Electrode preparation and cell assembly

The positive slurry was prepared by mixing 97 wt% NCA (JFE, Japan), 2 wt% polyvinylidene fluoride (PVDF, Solvay Solef 5130, USA), and 1 wt% CAs with N-methyl pyrrolidone (NMP, Sinopharm Chemical Reagent Co., Ltd., China) in a vacuum agitator. The solid content was controlled to 65 wt%. The slurry was further treated by a high speed disperser (FM40L, PRIMIX Corporation, Japan) to ensure uniform dispersion. The dual-layer electrodes were prepared by a two-step coating method. Firstly, the slurry was evenly coated on aluminum foil by a pilot-scale transfer roll coater (Dongguan Areconn Precision Machinery Co., Ltd., China) with three different drying zones (the temperature was set at 85, 90, and 92 °C, respectively) and a total length of 6 m. The coating speed was set at 2 m/min to assure complete drying. The subsequent coating (thickness ~ 150 μm) was applied on the previously coated and dried electrode using an automatic doctor blade coating machine (MSK-AFA-SC200, Shenzhen Kejing Star Technology Co., Ltd., China). And then the electrodes were dried under 80 °C in an oven. After drying, the dual-layered electrode was compacted by a rolling machine (MSK-2150, Shenzhen Kejing Star Technology Co., Ltd., China) resulting in a compaction density of about 3.55 g/cm3. The overall design areal active material loading and capacity of the positive electrode was approximately 27.2 mg/cm2 and 5 mAh/cm2, respectively. Four kinds of positive electrodes were fabricated according to the CA in each layer. The most common CAs used in the state-of-the-art battery industry, SP and CNTs, were chosen to be studied in this work. These CAs provided point-to-point and point-to-line electron conduction pathways, respectively [27].

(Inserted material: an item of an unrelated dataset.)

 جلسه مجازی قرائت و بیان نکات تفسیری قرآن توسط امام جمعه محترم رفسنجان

The cathode with CNTs (Jiangsu Cnano Technology Co., Ltd., China) in the lower layer (close to the current collector) and SP (Imerys Graphite & Carbon Switzerland S.a.Ltd., UK) in the upper layer (close to the separator) was named as CNT-SP. Similarly, the other three kinds of electrodes were labeled as SP-CNT, SP-SP, and CNT-CNT, respectively. At least five cells were made for each of the four CA combinations. Detailed property measurements for the dual-layered NCA cathodes are listed in Table S1. Electrodes with similar active material loadings, thicknesses, and compaction densities were obtained. The negative electrodes were made of 90 wt% artificial graphite (Shenzhen Kingrunning Energy Materials Co., Ltd., China), 5 wt% SP, 2 wt% carboxymethyl cellulose (CMC, Cekol Servis LLC, Ukraine), and 3 wt% styrene butadiene rubber (SBR, Dow Chemical, USA). A relatively low compaction density of 1.6 g/cm3 was adopted in the anode to ensure that it would not be the limiting factor for cell performance. The capacity ratio of negative to positive electrodes was about 1.02.

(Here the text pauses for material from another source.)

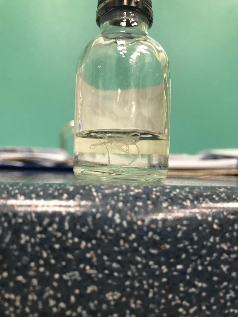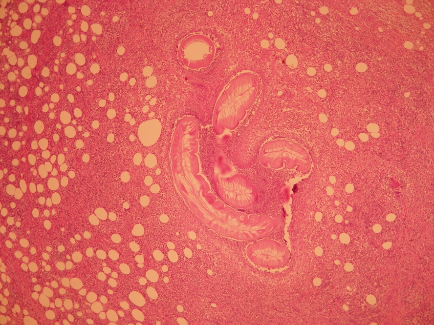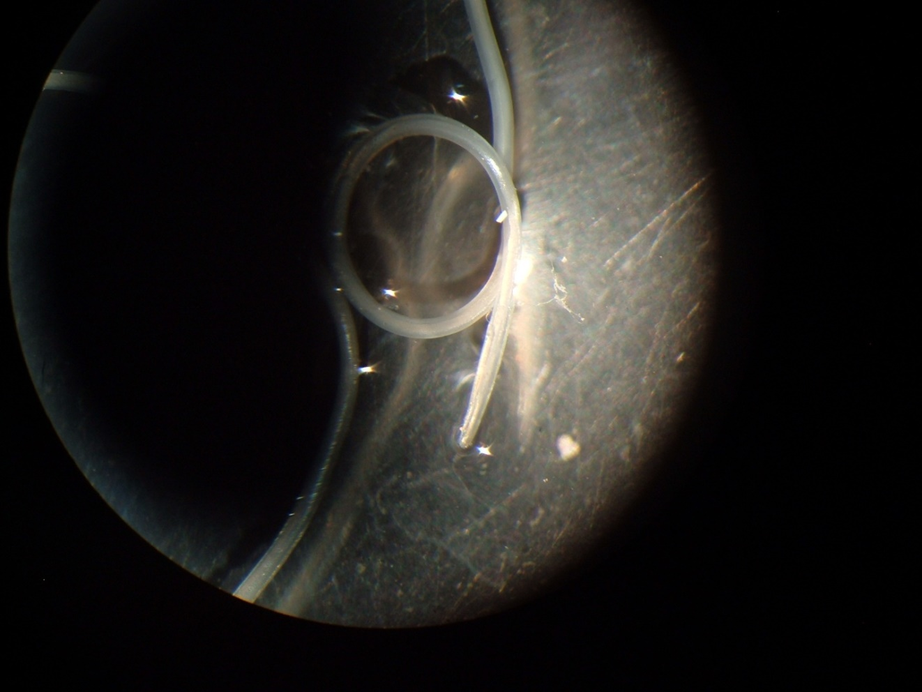At admission, the complete blood cell count was normal, without eosinophilia. The nodule was surgically removed under local anesthesia, with a surprinsing inside outcome: a living and coiled roundworm emerged intact from lesion. The worm was sent to Colentina Hospital-Parasitic Diseases Department for identification and the patient for medical assessment. Nematod was introduced in a 70% ethylen alcool solution with 5% glycerin, being macro and microscopically examined (Figure 2).

Single-layer pouch cells were assembled in a dry room maintained at a ≤ −20 °C dew point and using cathode dimensions of 5.8 × 10.8 cm2 and anode dimensions of 6.2 × 11.2 cm2, and separated by Celgard 2325 (PP/PE/PP tri-layer membrane) separator. The cells were dried overnight at 80 °C under vacuum prior to electrolyte injection. Electrolyte composed of 1.2M LiPF6 dissolved in ethylene carbonate (EC)/fluoroethylene carbonate (FEC)/ethyl methyl carbonate (EMC)/dimethyl carbonate (DMC) (3:1:2:4 by weight), with 1 wt% lithium difluoro(oxalate)borate (LiDFOB) as additive which may passivate the electrode/electrolyte interface by generating an CEI [28], was injected into the cells in an argon-filled glovebox with O2 and H2O content < 0.1 ppm.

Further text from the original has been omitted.